Let $\mathcal{A}\subset P(X)$ be an algebra, $\mathcal{A}_\sigma$ the collection of countable unions of sets in $\mathcal{A}$, and $\mathcal{A}_{\sigma\delta}$ the collection of countable intersections of sets in $\mathcal{A}_\sigma$. Let $\mu_{0}$ be a premeasure on $\mathcal{A}$ and $\mu^*$ the induced outer measure.

a.) For any $E\subset X$ and $\epsilon > 0$ there exists $A\in \mathcal{A}_\sigma$ with $E\subset A$ and $\mu^*(A) \leq \mu^*(E) + \epsilon$.
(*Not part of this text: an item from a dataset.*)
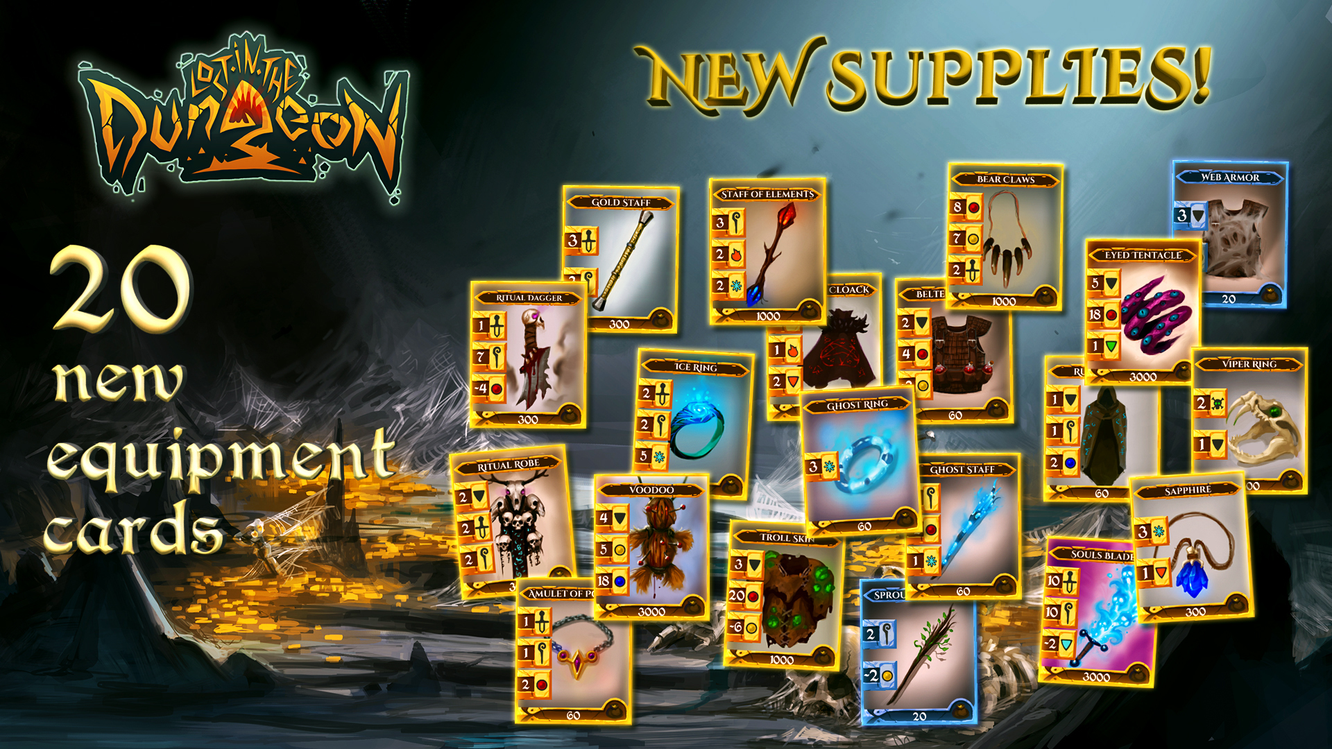 Greetings, adventurers! We're glad to announce that 20 new equipment cards have been added. You can loot new cards in every dungeon.
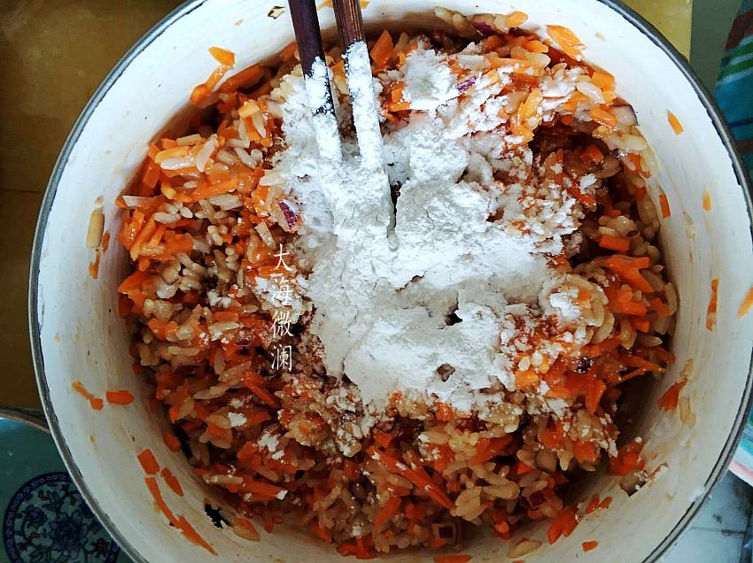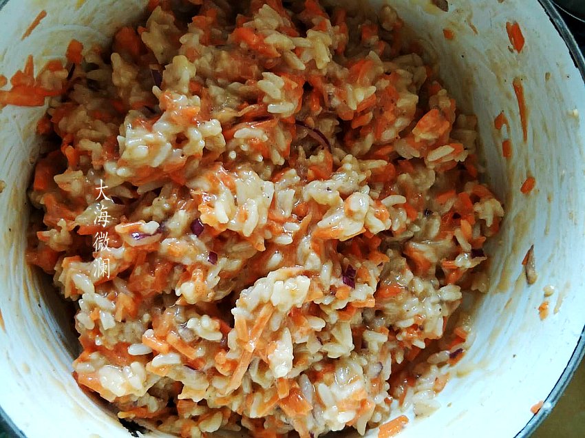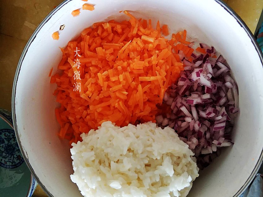 4、取大盆加入胡萝卜碎、米饭、洋葱碎;

b.) If $\mu^{*}(E) < \infty$, then $E$ is $\mu^{*}$-measurable if and only if there exists $B\in A_{\sigma\delta}$ with $E\subset B$ and $\mu^{*}(B\setminus E) = 0$

c.) If $\mu_0$ is $\sigma$-finite, the restriction $\mu^{*}(E) < \infty$ in (b) is superfluous

proof a.): By the definition of outermeasure we know that $$\mu^{*}(E) = \inf\left\{ \sum_{j=1}^{\infty} \mu_{0} ( A_{j} ) : A_{j} \in \mathcal{A}, E \subset \bigcup_{j=1}^{\infty} A_{j} \right \}$$ Let $A = \bigcup_{j=1}^{\infty} A_{j}$ as above. Then $A \in \mathcal{A}_{\sigma}$ and $E \subset A$. For each $j$ we can construct a sequence $\{ B_{j}^{k} \} _{k=1}^{\infty}\subset \mathcal{A}$ such that $A_j\subset \bigcup_{j,k=1}^{\infty}B_{j}^{k}$. It follows that since $$\mu^{*}(A_j) = \inf\left\{ \sum_{j=1}^{\infty} \mu_{0} (B_{j}^{k} ) : B_{j}^{k} \in \mathcal{A}, A_j \subset \bigcup_{j,k=1}^{\infty} B_{j}^{k} \right \}$$ We have that, $$\mu^{*}(A_{j}) \leq \mu_{0}(A_{j}) + \epsilon 2^{-j}, \forall j \ \ \text{and} \ \ \epsilon>0$$ Thus: $$\mu^{*}(A) \leq \sum_{j=1}^{\infty} \mu^{*} ( A_{j} ) \leq \sum_{j=1}^{\infty} ( \mu_{0}(A_{j}) + \epsilon 2^{-j}) = \mu^{*}(E) + \epsilon$$ Since $\epsilon$ is arbitrary we are done.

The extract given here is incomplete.